In Mathematics education, the Van Hiele model is a theory that describes how students learn geometry. The van Hiele model consists of five levels of thinking processes. A brief overview of the model is given below.
Level 0: Visualisation Children can recognise geometric figures by their shape or physical appearance and not by their parts or properties.
Level 1: Analysis Children at this level are able to appreciate that the collection of figures goes together because of properties. They also become more proficient in describing the attributes of two and three dimensional shapes.
Level 2: Informal Deduction Children at this stage are able to establish relationships among the properties of the figures. 'If all four angles are right angles the shape must be a rectangle'. They can also formulate relationships among shapes. 'If it is a square, it must be a rectangle'. They are able to give logical arguments to justify their reasoning.

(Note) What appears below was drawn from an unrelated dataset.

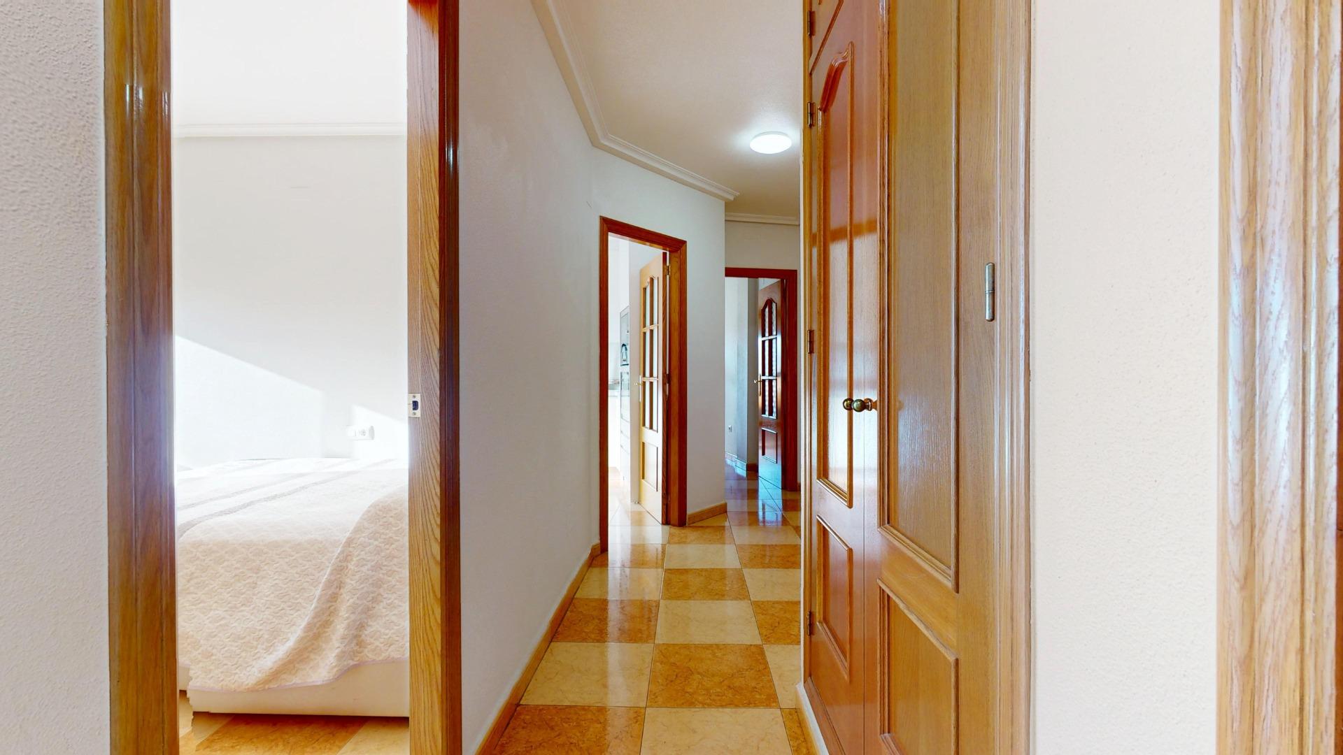 Al entrar, encontramos un **pasillo distribuidor** que organiza la vivienda de forma muy práctica, conectando todas las estancias y aportando almacenaje extra gracias a un **armario empotrado** perfecto para abrigos, zapatos o menaje.

Level 3: Deduction Students at this stage are able to go further than giving informal deductive arguments as in the earlier stage. Here, they begin to appreciate the importance and use of axioms, definitions, corollaries and postulates in order to proof a certain geometric truth. This level of thought is typical of secondary school geometry class.
Level 4: Rigor At this level the object of attention is the differences and relationships between different axiomatic systems that are used to derive mathematical theories. In the previous stage the students are expected to know how to form deductive arguments to proof a theory. In this stage they go further by questioning the initial assumptions or axioms that are used to form the mathematical theories. This is generally the level of university mathematics majoring in geometry.